**Your goal**
Nothing but the lines from the start of the entries through the line holding "Продаётся 1-к квартира" is to be repeated, exactly and with pictures excluded.

Records from a collection
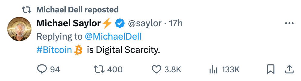 What began with a tweet from Dell inquiring about scarcity continued with a repost of Saylor’s response about Bitcoin being digital scarcity.
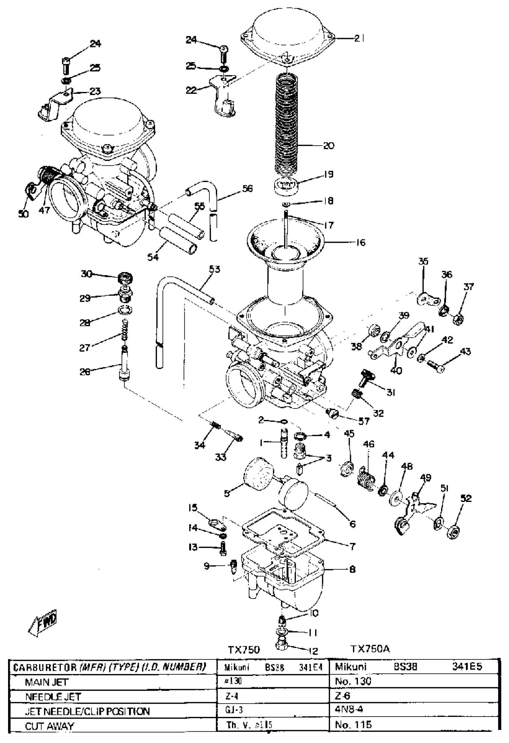 Yamaha TX750 (TX750) 1973 CARBURETOR Diagram
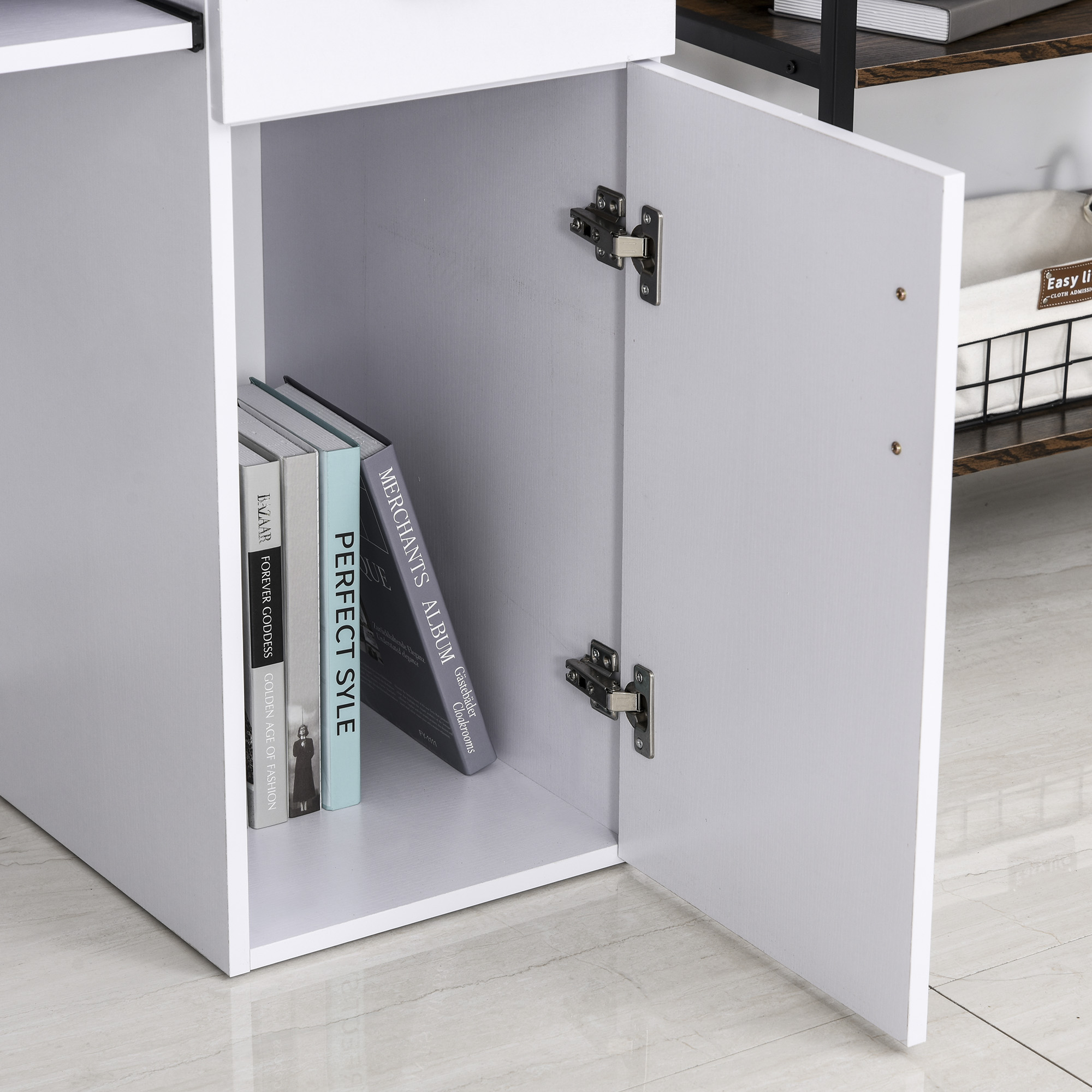 HOMCOM Mesa Escritorio para PC Mesa de Ordenador con Estantes abiertos y baldas Ajustables Armario Soporte para CPU y Bandeja Extraíble 120x60x74 cm Blanco
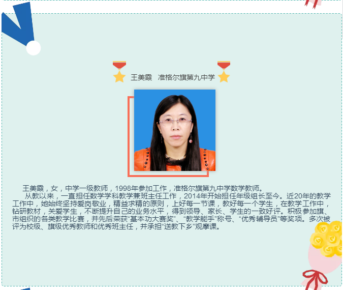 他在教育的长河里摆渡,在知识的海洋里导航,把每一个40分钟用汗水和智慧编织成无数个耀眼的光环,用信任和鼓励引导每一位学生进步,用真诚和辛勤铸造班级的整理实力,展现了一位辛勤园丁的风范。
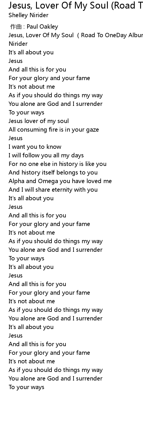 | [00:00.200] | Jesus, Lover Of My Soul Road To OneDay Album Version Shelley Nirider |
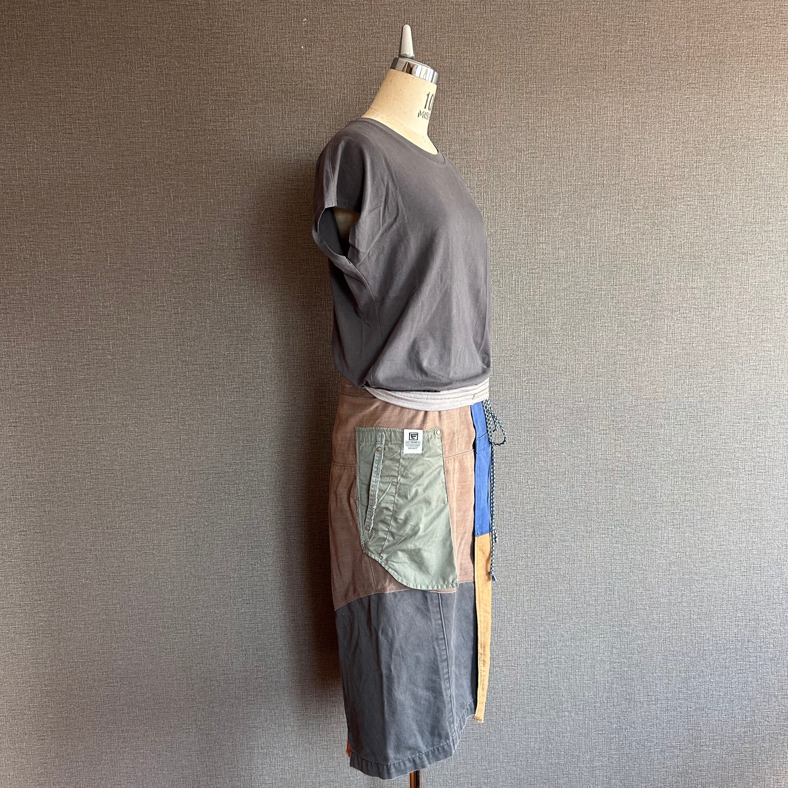 古着 や ミリタリー ファブリック、を解体し、パッチワーク のように一つ一つ丁寧に縫い合わせた リメイクエプロン は、まさに 一点物 の魅力を存分に感じさせてくれます。
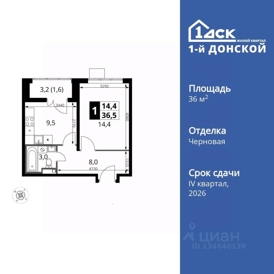 Продаётся 1-к квартира номер 332 общей площадью 36.5 кв.м. на 11-м этаже 24 этажного дома. Отделка Whitebox.
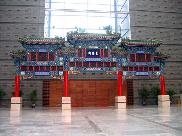 首都博物館建筑本身是一座融古典美和現(xiàn)代美于一體的建筑藝術品,既具有濃郁的民族特色,又呈現(xiàn)鮮明的現(xiàn)代感。巨大的屋蓋繼承了中國傳統(tǒng)建筑深遠挑檐;通長的石質幕墻象征著中國古代城墻;版權所有山東聊城聊之旅國際旅行社有限公司,轉載必究!廣場起坡傳承古代高臺建筑風格;在大廳北門外地面上鑲嵌清代丹陛,大廳內有明代牌樓,體現(xiàn)出中國傳統(tǒng)建筑平面中心軸線特點;橢圓形的青銅展館斜出墻面寓意古代文物破土而出。青銅、木材與磚石的大量運用更顯一種歷史的久遠。北廣場和大堂地面所用石材,產于自古以來為營造北京城供應石材的房山地區(qū);方形展廳的外裝飾,采用北京最常見的榆木;橢圓形展廳的外裝飾,采用青銅材料,并飾以北京出土的西周時期青銅器的紋樣。鋼結構棚頂、玻璃幕墻等表現(xiàn)出北京有力的時代步伐,高大空間和通透的視覺效果順應了當代建筑的國際流行趨勢。
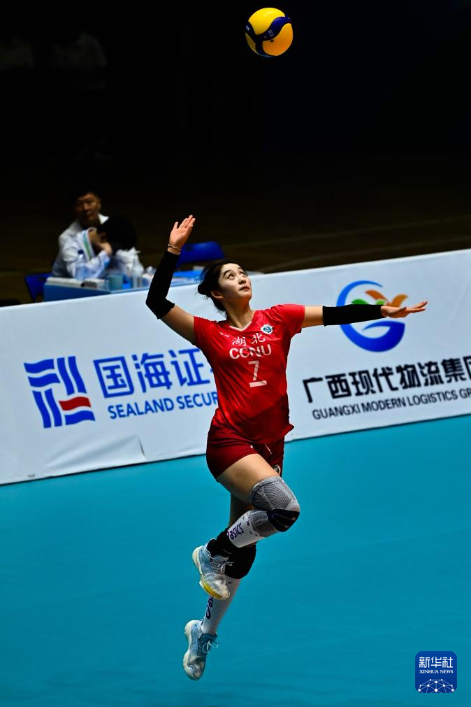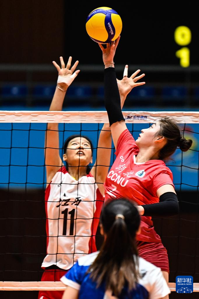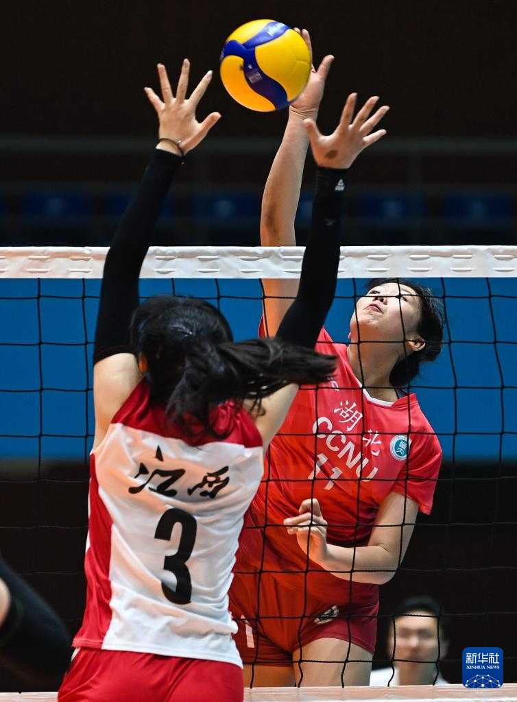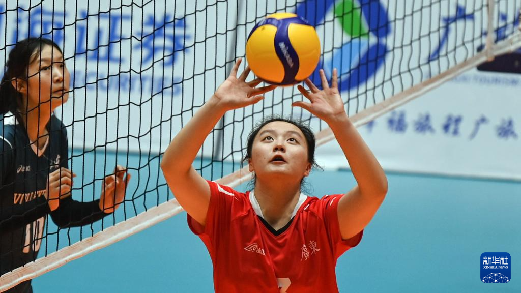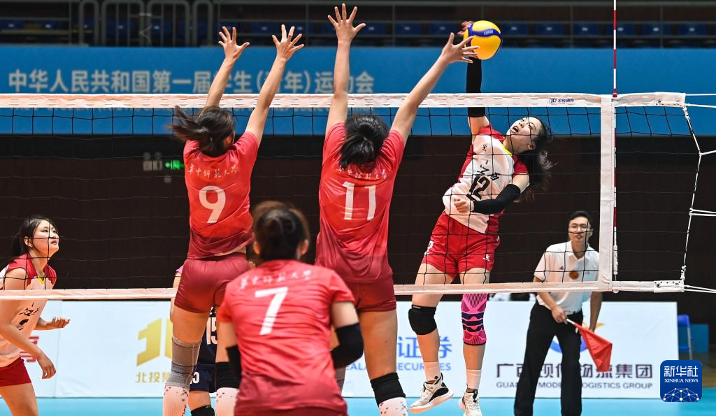 当日,第一届全国学生(青年)运动会(校园组)排球大学女子组小组赛第三轮比赛在广西钦州举行。

**Response to this exercise**
 What began with a tweet from Dell inquiring about scarcity continued with a repost of Saylor’s response about Bitcoin being digital scarcity.
 Yamaha TX750 (TX750) 1973 CARBURETOR Diagram
 HOMCOM Mesa Escritorio para PC Mesa de Ordenador con Estantes abiertos y baldas Ajustables Armario Soporte para CPU y Bandeja Extraíble 120x60x74 cm Blanco
 他在教育的长河里摆渡,在知识的海洋里导航,把每一个40分钟用汗水和智慧编织成无数个耀眼的光环,用信任和鼓励引导每一位学生进步,用真诚和辛勤铸造班级的整理实力,展现了一位辛勤园丁的风范。
 | [00:00.200] | Jesus, Lover Of My Soul Road To OneDay Album Version Shelley Nirider |
 古着 や ミリタリー ファブリック、を解体し、パッチワーク のように一つ一つ丁寧に縫い合わせた リメイクエプロン は、まさに 一点物 の魅力を存分に感じさせてくれます。
 Продаётся 1-к квартира номер 332 общей площадью 36.5 кв.м. на 11-м этаже 24 этажного дома. Отделка Whitebox.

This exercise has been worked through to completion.